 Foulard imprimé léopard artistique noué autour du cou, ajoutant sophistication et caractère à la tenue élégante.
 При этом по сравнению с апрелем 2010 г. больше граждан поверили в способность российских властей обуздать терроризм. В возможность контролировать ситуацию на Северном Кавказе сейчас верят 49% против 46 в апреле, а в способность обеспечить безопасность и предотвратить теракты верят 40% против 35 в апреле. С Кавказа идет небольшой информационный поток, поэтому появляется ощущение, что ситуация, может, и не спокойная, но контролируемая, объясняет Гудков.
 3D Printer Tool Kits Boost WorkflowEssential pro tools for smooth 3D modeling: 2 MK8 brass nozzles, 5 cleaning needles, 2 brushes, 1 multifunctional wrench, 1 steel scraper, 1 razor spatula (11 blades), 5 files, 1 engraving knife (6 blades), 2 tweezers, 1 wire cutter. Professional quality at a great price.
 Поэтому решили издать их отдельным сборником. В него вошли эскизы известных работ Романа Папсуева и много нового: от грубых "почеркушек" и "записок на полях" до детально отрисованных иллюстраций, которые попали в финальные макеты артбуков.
---
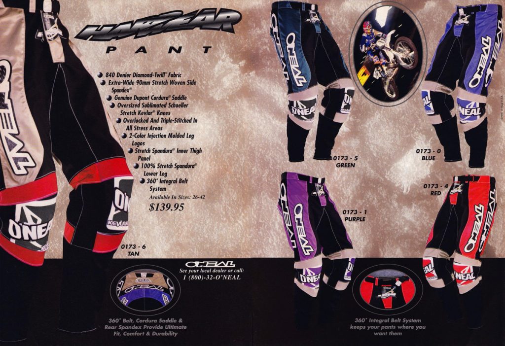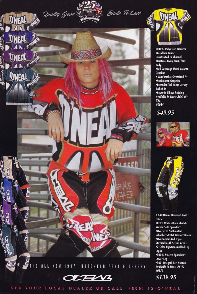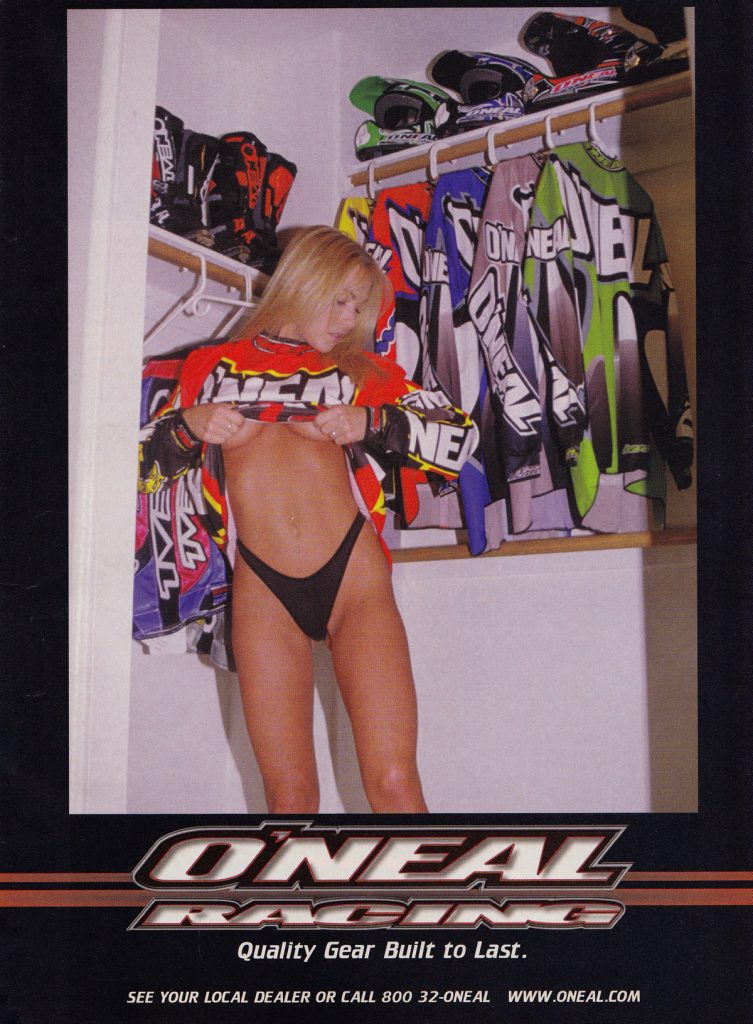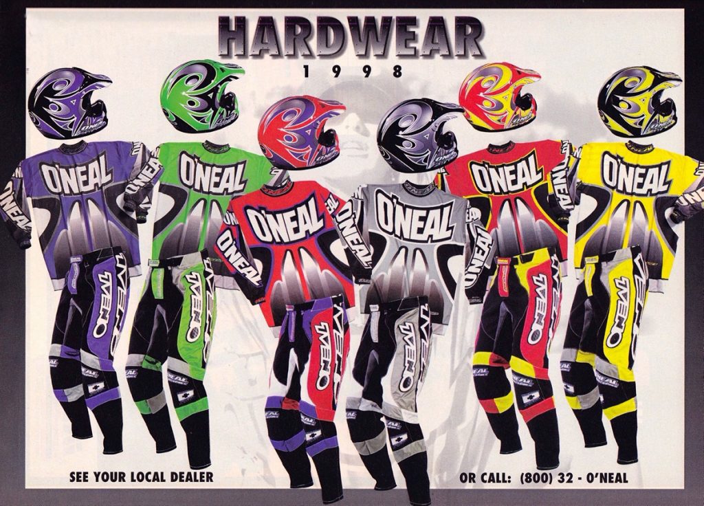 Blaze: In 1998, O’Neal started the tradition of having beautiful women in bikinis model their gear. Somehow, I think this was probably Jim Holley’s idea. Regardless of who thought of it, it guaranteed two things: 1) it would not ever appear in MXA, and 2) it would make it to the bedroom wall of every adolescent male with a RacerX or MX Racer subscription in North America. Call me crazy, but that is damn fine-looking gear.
---
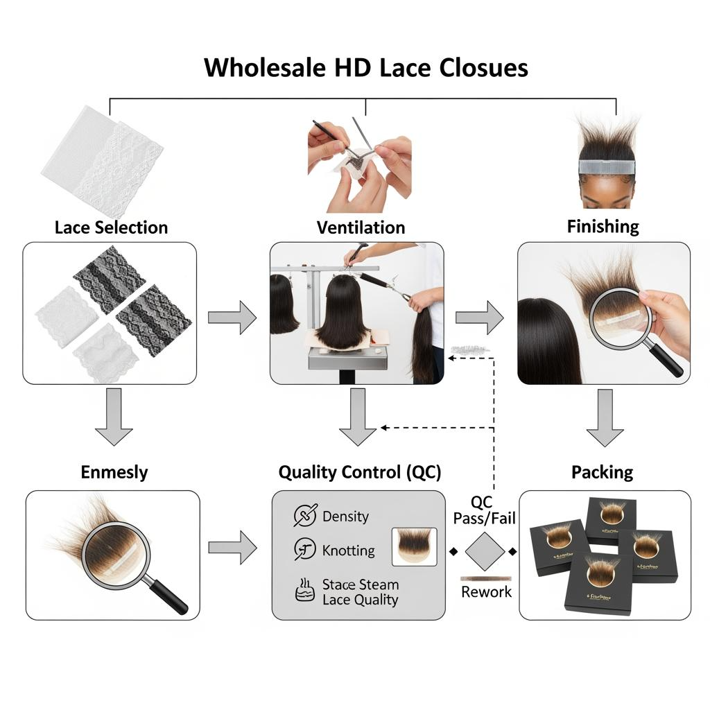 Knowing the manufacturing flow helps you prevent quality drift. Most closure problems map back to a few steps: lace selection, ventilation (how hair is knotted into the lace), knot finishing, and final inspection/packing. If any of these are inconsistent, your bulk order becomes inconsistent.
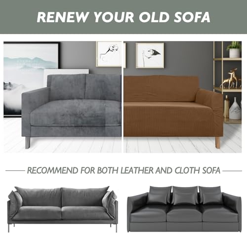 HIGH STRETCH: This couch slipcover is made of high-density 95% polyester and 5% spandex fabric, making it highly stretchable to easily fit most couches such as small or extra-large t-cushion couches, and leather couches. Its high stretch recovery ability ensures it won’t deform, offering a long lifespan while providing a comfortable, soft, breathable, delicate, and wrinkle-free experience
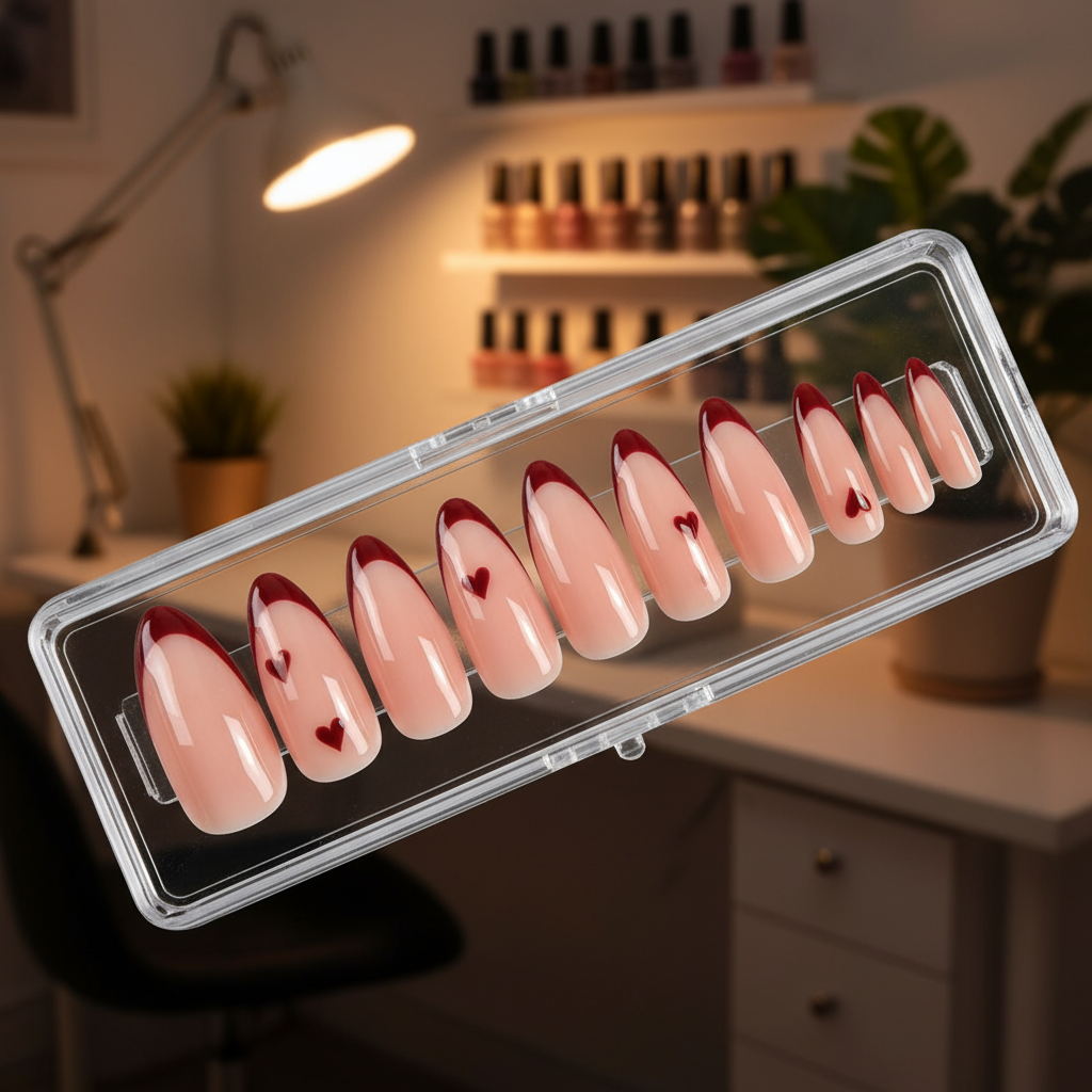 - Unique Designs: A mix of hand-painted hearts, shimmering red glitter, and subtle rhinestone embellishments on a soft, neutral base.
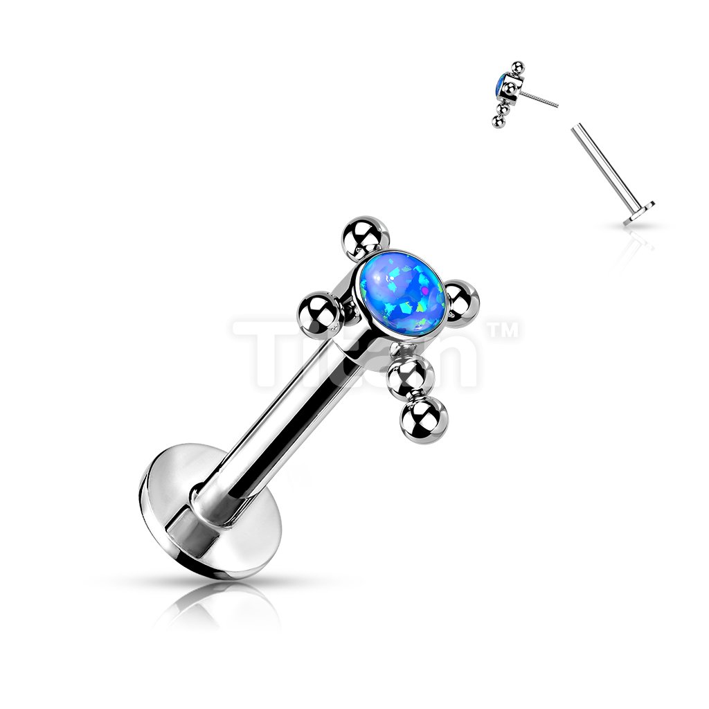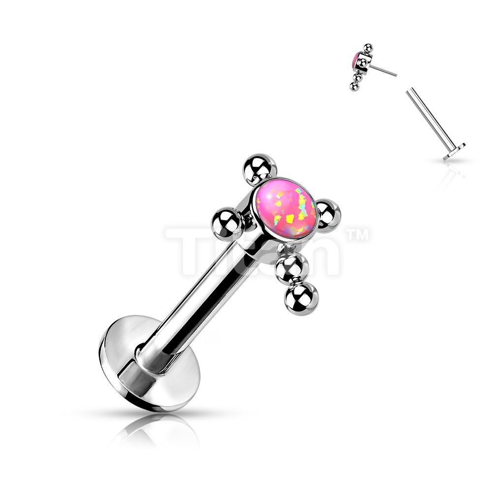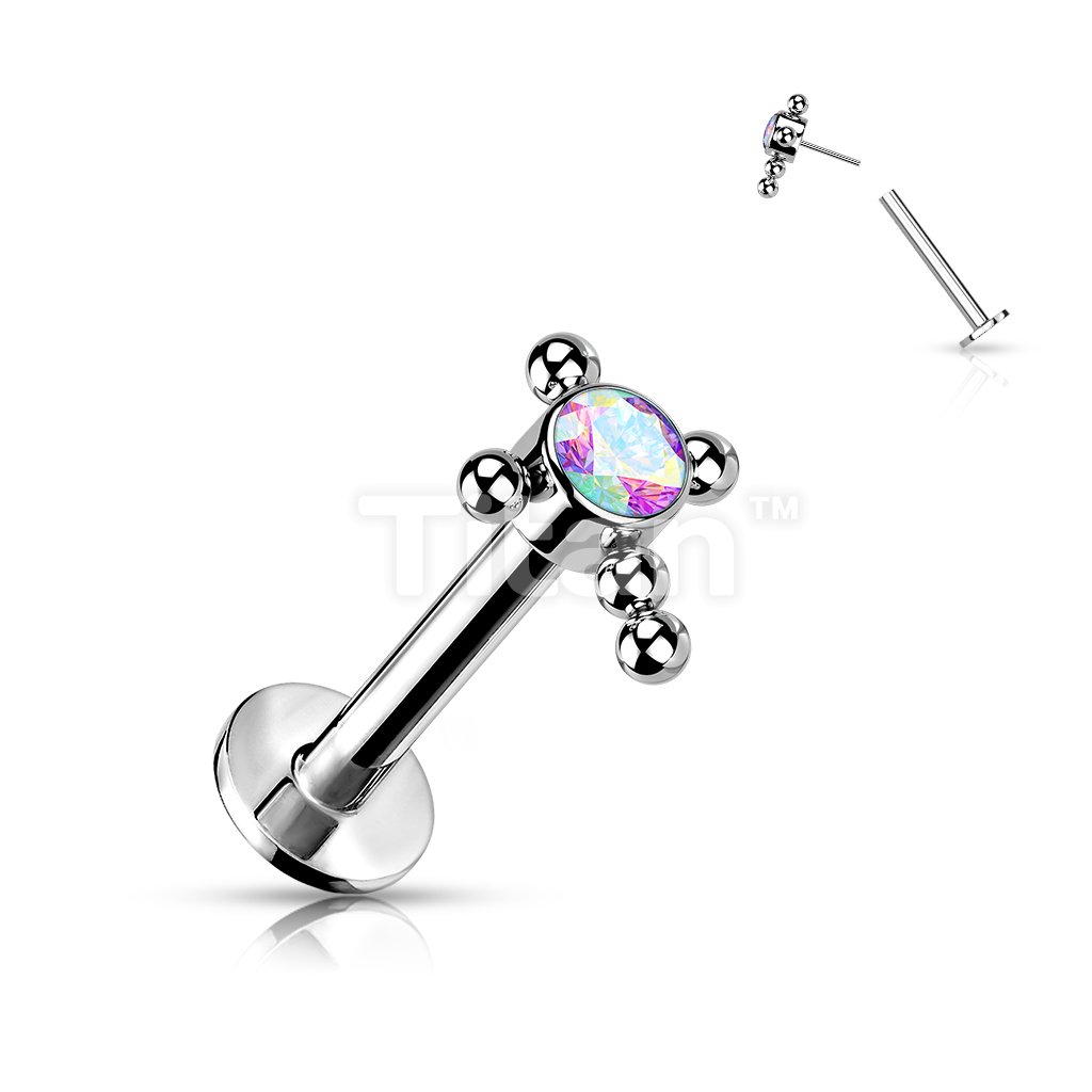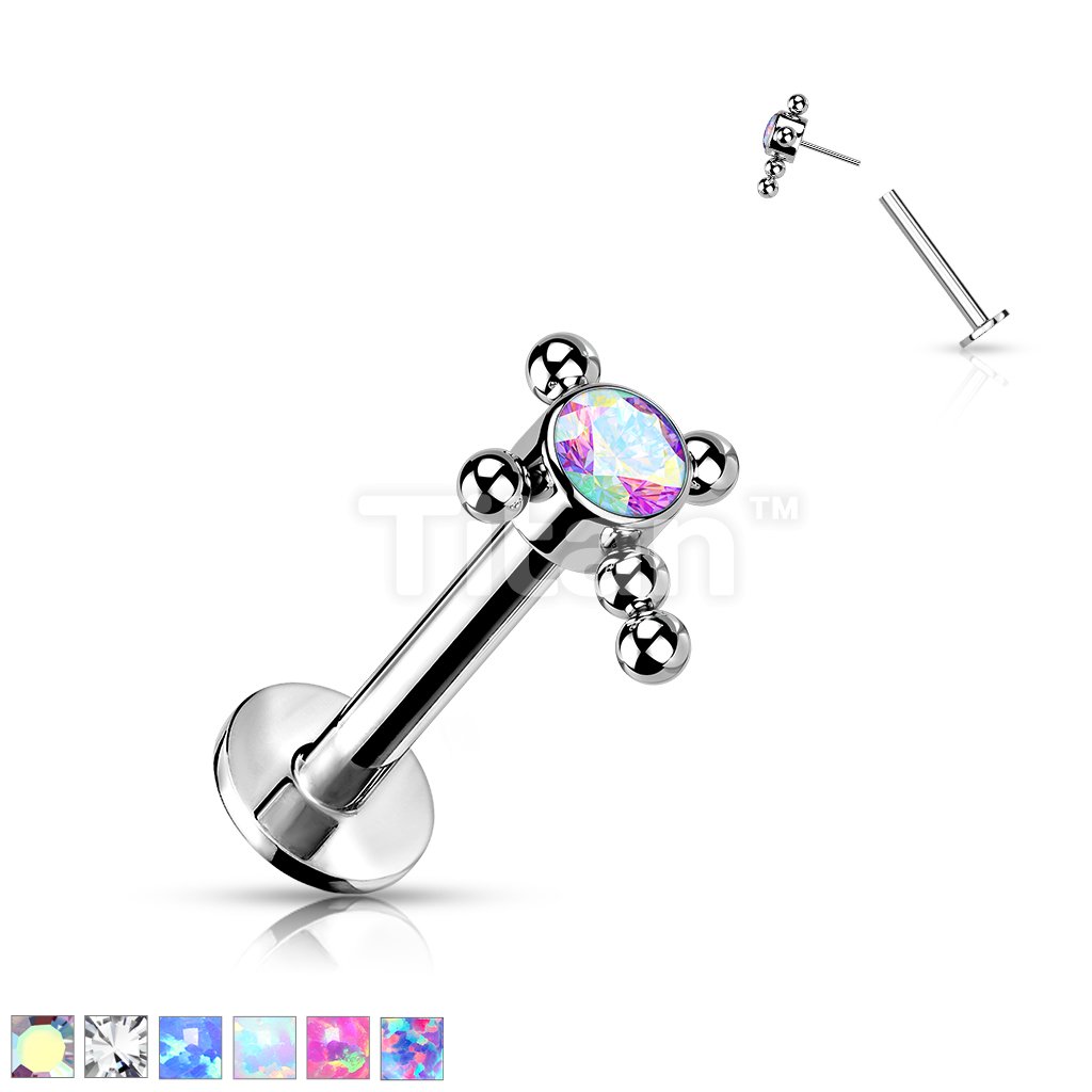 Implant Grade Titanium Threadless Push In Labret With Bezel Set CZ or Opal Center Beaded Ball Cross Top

What is needed: Referring to the material above, set down exactly the lines between the line with "Foulard imprimé léopard" and the line with "Поэтому решили издать", inclusive, and no other lines.

Reply:
 Foulard imprimé léopard artistique noué autour du cou, ajoutant sophistication et caractère à la tenue élégante.
 При этом по сравнению с апрелем 2010 г. больше граждан поверили в способность российских властей обуздать терроризм. В возможность контролировать ситуацию на Северном Кавказе сейчас верят 49% против 46 в апреле, а в способность обеспечить безопасность и предотвратить теракты верят 40% против 35 в апреле. С Кавказа идет небольшой информационный поток, поэтому появляется ощущение, что ситуация, может, и не спокойная, но контролируемая, объясняет Гудков.
 3D Printer Tool Kits Boost WorkflowEssential pro tools for smooth 3D modeling: 2 MK8 brass nozzles, 5 cleaning needles, 2 brushes, 1 multifunctional wrench, 1 steel scraper, 1 razor spatula (11 blades), 5 files, 1 engraving knife (6 blades), 2 tweezers, 1 wire cutter. Professional quality at a great price.
 Поэтому решили издать их отдельным сборником. В него вошли эскизы известных работ Романа Папсуева и много нового: от грубых "почеркушек" и "записок на полях" до детально отрисованных иллюстраций, которые попали в финальные макеты артбуков.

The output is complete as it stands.